Arg-68, another conserved residue in all tymoviruses, is at hydrogen-bonding distance with Asp-136, Ser-137, and Val-138 at the A-B interface and is involved in a salt bridge with Asp-150 at the B-C interface (Fig. 9). This residue does not have any obvious intra-subunit interactions. The replacement of Arg with Gln can be done without short contact within the same subunit. However, its mutation to Gln led to the partially folded and assembly-incompetent protein. These results further support the observation that the mutation of residues involved in multiple inter-subunit interactions disrupts subunit folding and particle assembly. Even here, the uncompensated negative charge might interfere in the folding of the protein.

Asp-83 and Ile-123, although not conserved among all tymoviruses, are involved in extensive interactions with residues from the other subunits (Fig. 10, b and c). The mutation of these two residues to alanine also led to the partially folded proteins that were assembly-incompetent.

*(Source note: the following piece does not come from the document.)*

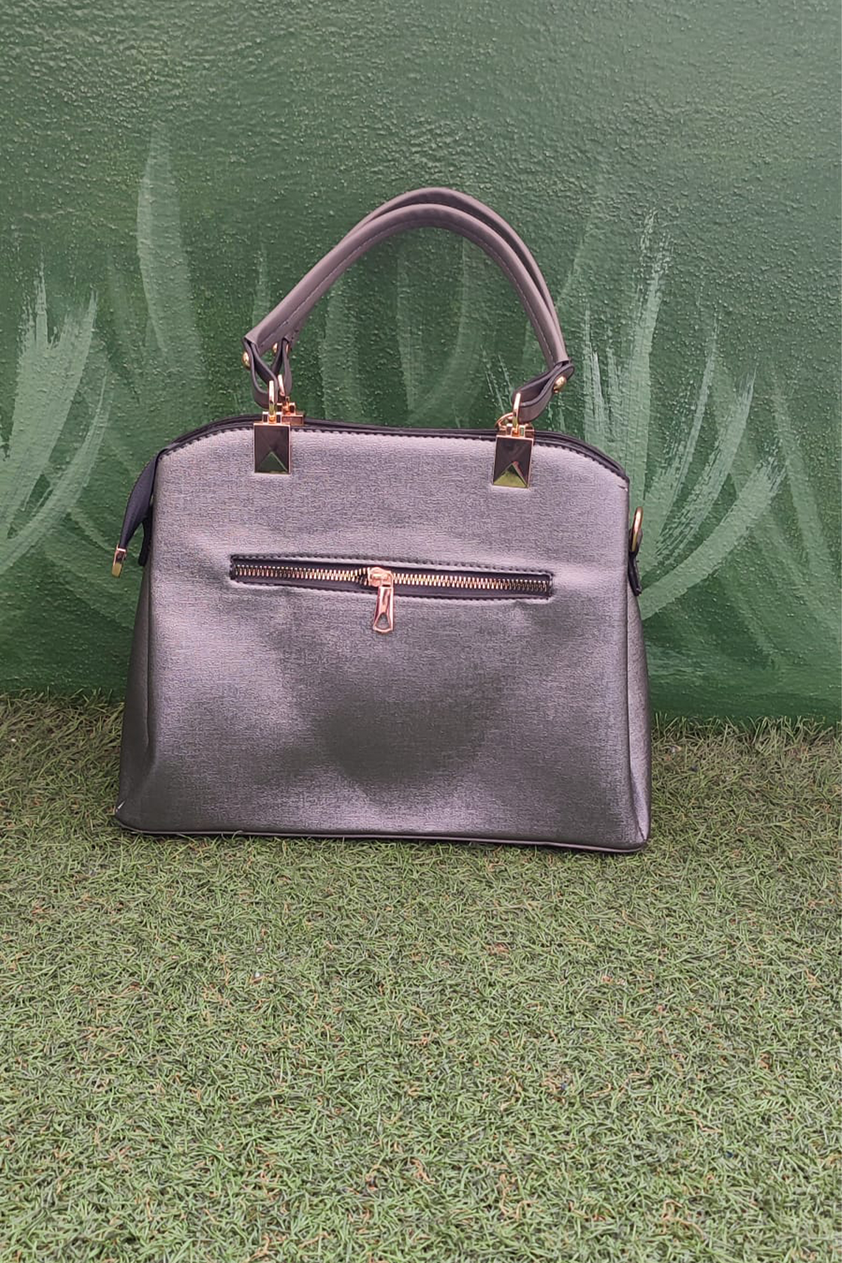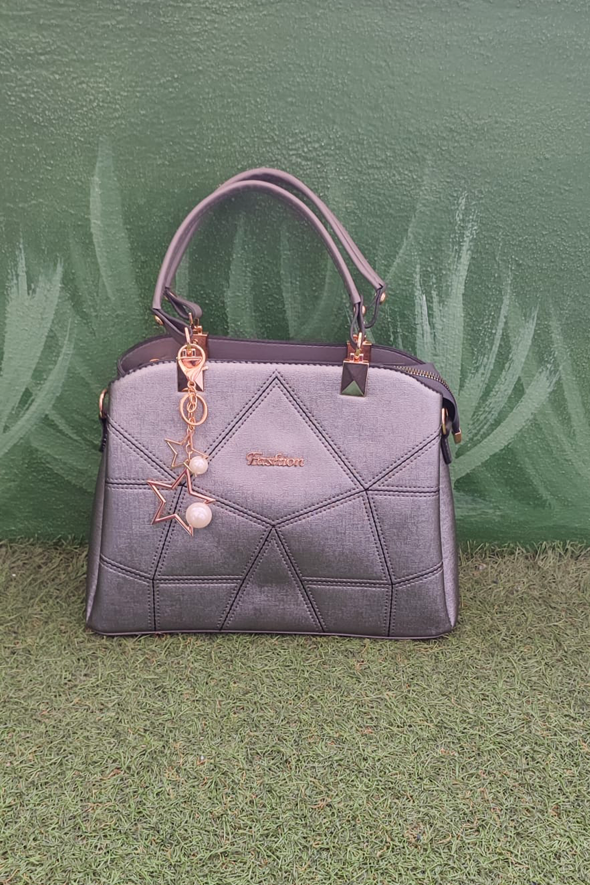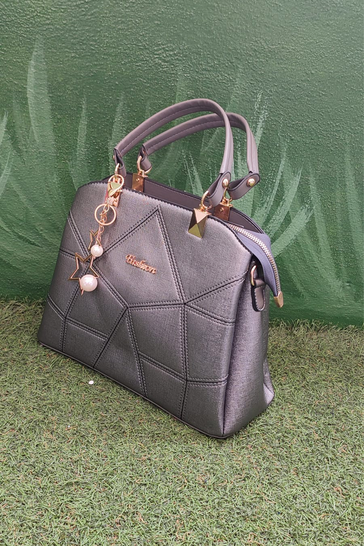 Metalik Gri Kadın El ve Omuz Çantası – Yıldız ve İnci Aksesuar Detaylı, Geometrik Dikişli Şık Model

Tyr-67 is also conserved across the tymovirus group. It is involved not only in inter-subunit interactions at C-C2 and B5-A, but also in intra-subunit hydrogen-bonding interactions. Its mutation to alanine disrupts the hydrogen-bonding interaction at the quasi-2-fold axis. This creates a cavity in the vicinity of residues Leu-34, Leu-63, Leu-180, and Ile-32. This may have a destabilizing effect on the same subunit, which could hinder proper folding of the subunit. Hence, its mutation to Ala led to the misfolding of the subunits and the consequent arrest of assembly.

Interestingly, the tertiary structure of the partially folded mutant proteins is similar to that of the rCP capsids (Figs. 4 and 6). The single tryptophan residue, Trp-96, is located inside the beta -barrel, and its mutation led to soluble aggregates defective in folding and assembly (8). Furthermore, this Trp is not an interfacial residue. Therefore, it is possible that the partially folded mutant rCPs and the wild type rCP have similar accessibility to this tryptophan.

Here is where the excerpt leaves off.